Once again, the transient occupancy tax is implemented. Just like in the previous Californian city, San Fran’s transient occupancy tax rate is at 14%, including any guest fees and cleaning fees. Unlike Oakland’s tax rate, however, the tax applies to reservations that are 29 days or less. Just like Oakland, the tax is collected and remitted by Airbnb. However, unlike Oakland, you may not have to pay the transient occupancy tax. Airbnb is the only Qualified Website Company in San Francisco. So, if you only rent through Airbnb, you aren’t required to pay the transient occupancy tax. San Francisco and Airbnb have a history of legal issues, to say the least. Be sure to check out the most recent complication here.

3.) Portland, Oregon

Unlike the two previous cities, Portland hosts are required to pay a transient lodging tax. As a matter of fact, Portland is unlike all other cities in the country in this regard; it is the only city that requires short-term rentals to pay a transient lodging tax.

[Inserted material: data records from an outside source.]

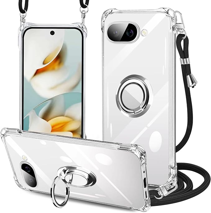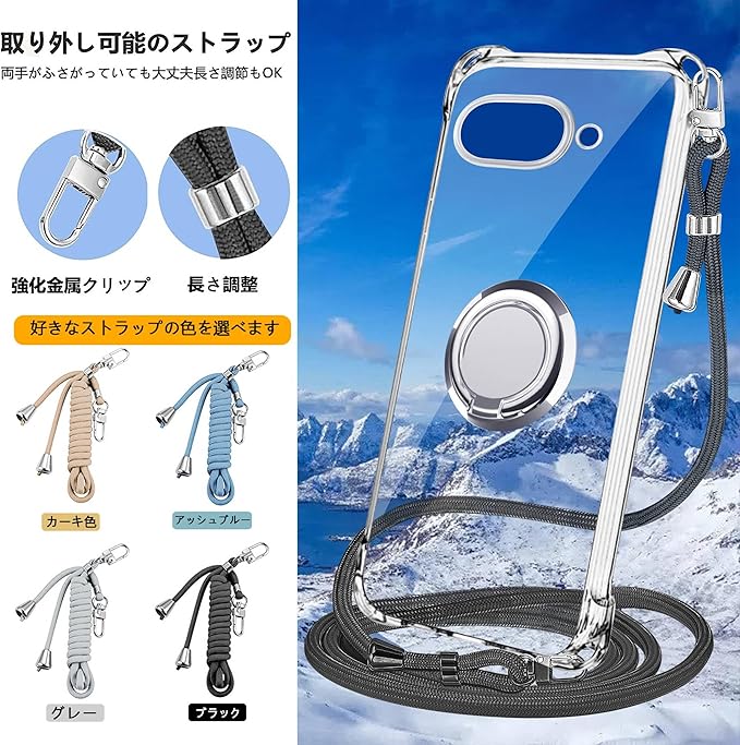 Google Pixel 9a ケース クリア ネック リング付き ショルダー pixel 9a ケース 耐衝撃 対応 ピクセル9a スマホケース 肩掛け 斜めかけ 縄掛けケース 透明 TPU ストラップ付き 携帯ケース 薄型 軽量 紐付き ネックストラップ ショルダー 肩掛け 縦/横 2WAY 長さ調整可能 取り外し可能 落下防止(縄掛け-ブラック)
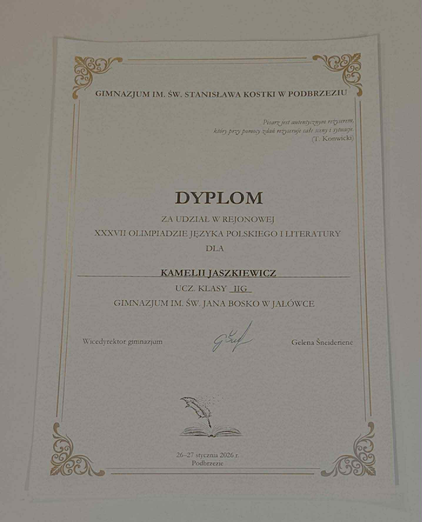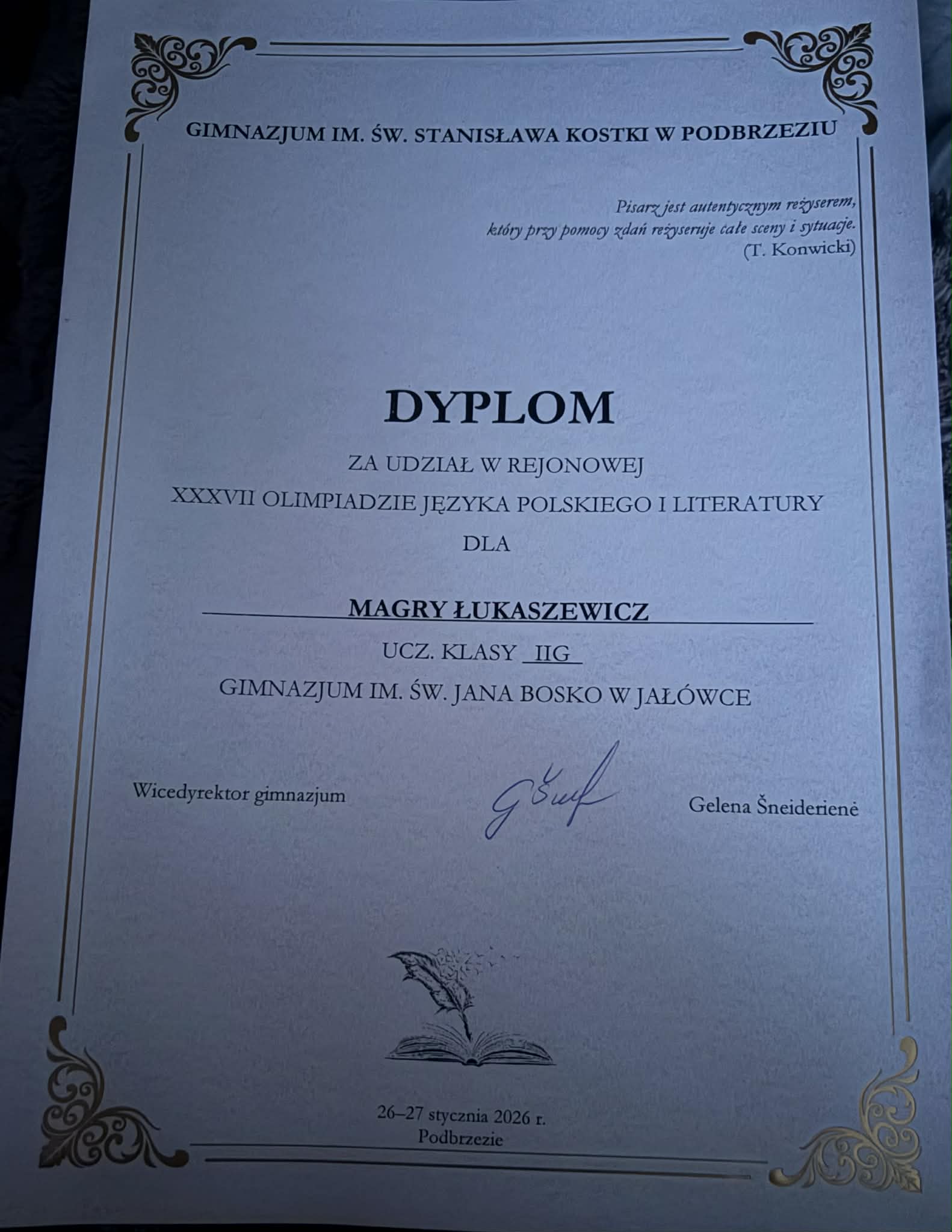 26 i 30 stycznia w Gimnazjum im. św. Stanisława Kostki w Podbrzeziu odbył się rejonowy etap XXXVII Olimpiady Języka Polskiego i Literatury. Do zmagań konkursowych przystąpiło 21 uczniów klas 10- 12 z różnych gimnazjów rejonu wileńskiego. Nasze gimnazjum reprezentowały dwie uczennice II G A klasy: Kamelia Jaszkiewicz oraz Magra Łukaszewicz. Dziewczyny poświęciły wiele czasu szykując się do ustnej odpowiedzi i pisania rozprawki.
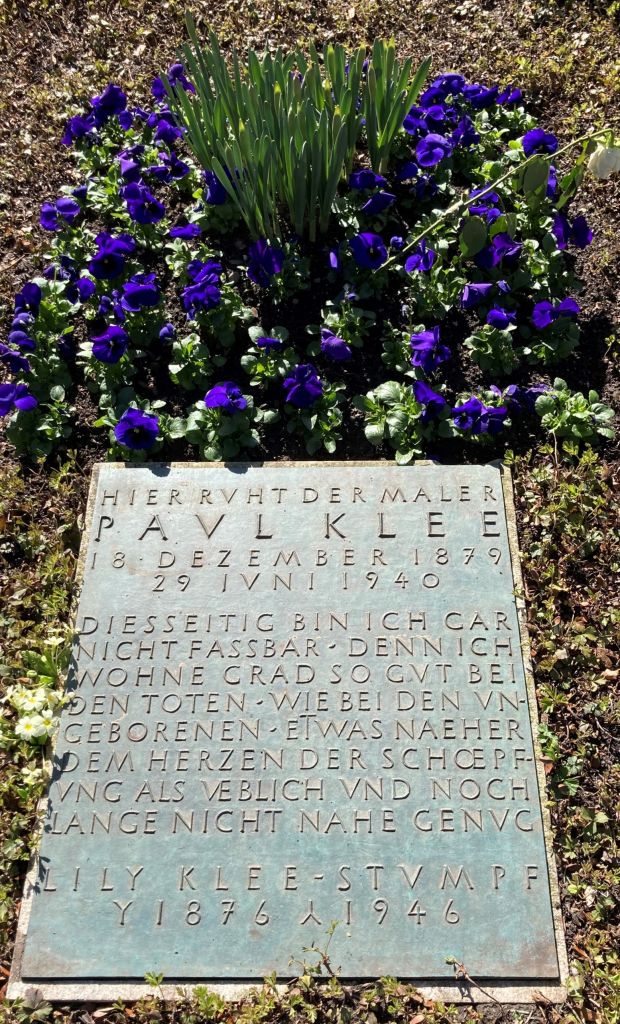 The Schosshaldenfriedhof is set on the side of a hill. At the top of this hill is the grave of painter and Bauhaus teacher Paul Klee. The rest of the cemetery spreads out from Klee’s burial place in three directions. To the northeast there’s a small woods where urns have been buried along a narrow path winding among the trees. Paved walkways pass fields of graves placed in typical rows, but there are also little groves with scattered gravestones half-hidden by bushes. Near a pond with benches, there’s even a small outdoor “museum,” where particularly attractive or interesting gravestones from all three of Bern’s cemeteries are displayed. When graves are destroyed every twenty years, their stones are usually ground down to gravel; this exhibit shows a few sample gravestones from each decade since 1878, when the cemetery buried its first coffin.
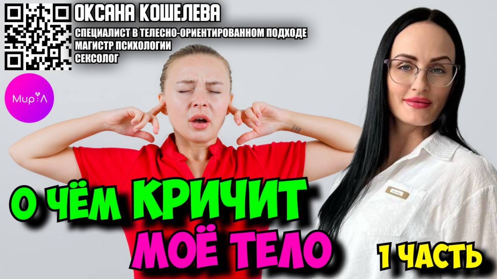 Тема эфира: О ЧЁМ КРИЧИТ МОЁ ТЕЛО. ЧАСТЬ 1. СВЯЗЬ ТЕЛА И ПСИХИКИ. На эфире :⤵️ 📌О том, что такое телесно ориентированная психотерапия на самом деле и как с её помощью можно научиться чувствовать и слышать себя. 📌Перестать болеть и страдать в отношениях и в жизни в целом. ➖➖➖ Связаться со спикером: ⤵️ 💬 https://t.me/OksanaKosheleva 💬 https://t.me/klub_OK_psy ➖➖➖ В нашем сообществе Мир: Л вы можете найти для себя специалистов и решить вопросы по темам здоровья, отношений и финансов. Добавляйтесь в наш чат Telegram и задавайте свои вопросы специалистам https://t.me/mirlru Участвуйте в вебинарах в нашем Telegram канале https://t.me/+qhq6oCvxcX44MzFi Сайт марафона ⤵️ https://mir-l.com/marafon Также вы можете стать у нас спикером и поделиться с нашими участниками своими знаниями 🙏 Оставьте заявку на участие ⤵️ https://docs.google.com/forms/d/e/1FAIpQLSe6xciS7oQDJg90mik3NUJUxY1-N3mx2JlkKPEWSwsi5MalVg/viewform?usp=sf_link Мы в Инстаграм https://www.instagram.com/mirl_ru ⠀ Мы ВКонтакте https://vk.com/mirl_ru ⠀ Наше сообщество в Одноклассниках https://ok.ru/group/60202414309536 #психология #саморазвитие #личностныйрост #духовныйучитель #вебинар #самопознание #курсы #образование #психолог #коуч #эзотерика #таролог #нумеролог #астролог #отношения #саморазвитие #жизнь #психологонлайн

A transient lodging tax is a tax on renting rooms to transient occupants, i.e. guests, for any time less than 90 days. As in most cities, a short-term rental is defined as a rental for guests for 30 days or less. According to Airbnb, Portland hosts are required to pay a transient lodging tax of 6% of the listing price and cleaning fees. Even with its Airbnb taxes and fees issues, Portland is a great place to rent for this year, whether it’s traditional or Airbnb.

Related: Why a Portland Investment Property is a Great Choice in 2017

4.) Orlando, Florida

The City Beautiful isn’t so beautiful when it comes to the different Airbnb taxes and fees hosts have to take into account. For starters, there’s the tourist development tax. In Orange County, where Orlando is located, this tax is at 6% of the listing price including cleaning fees for reservations of 182 days or less. Then there’s the transient rental tax, in which all counties of the state must pay. Just like the tourist development tax, this tax is set as 6% of the listing price including cleaning fees for reservations of 182 days or less. Finally, there’s the discretionary sales tax. Like the development tax, this tax applies to all Florida counties. This tax is at 0.5-1.5% of the listing plus cleaning fees. Why are Orlando’s taxes applicable for 182 days or less? A short-term rental in the city is set for 6 months or less, unlike 30 days or less in most cities.

5.) Galveston, Texas

The Island of Texas has a relatively similar Airbnb taxes and fees rate compared to the other cities on this list. A total of 15% of the listing price and cleaning fees, 9% from local tax and 6% from state hotel occupancy tax, accounts for the Airbnb taxes and fees of Galveston. The hotel occupancy tax is pretty moderate itself, sure. However, according to the Roomscore report, hosts must report on this tax monthly, regardless of rental activity. Sounds annoying, because it is. Nonetheless, the city was an A+ in the report, so the overall impact of the city’s regulations may not be very detrimental.

All in all, Airbnb taxes and fees should be in the back of every host’s mind. It may not worsen the overall hosting experience, as in Galveston and Orlando. Regardless, the Airbnb taxes and fees rules of these two cities, and the others mentioned, are not pleasant. At all.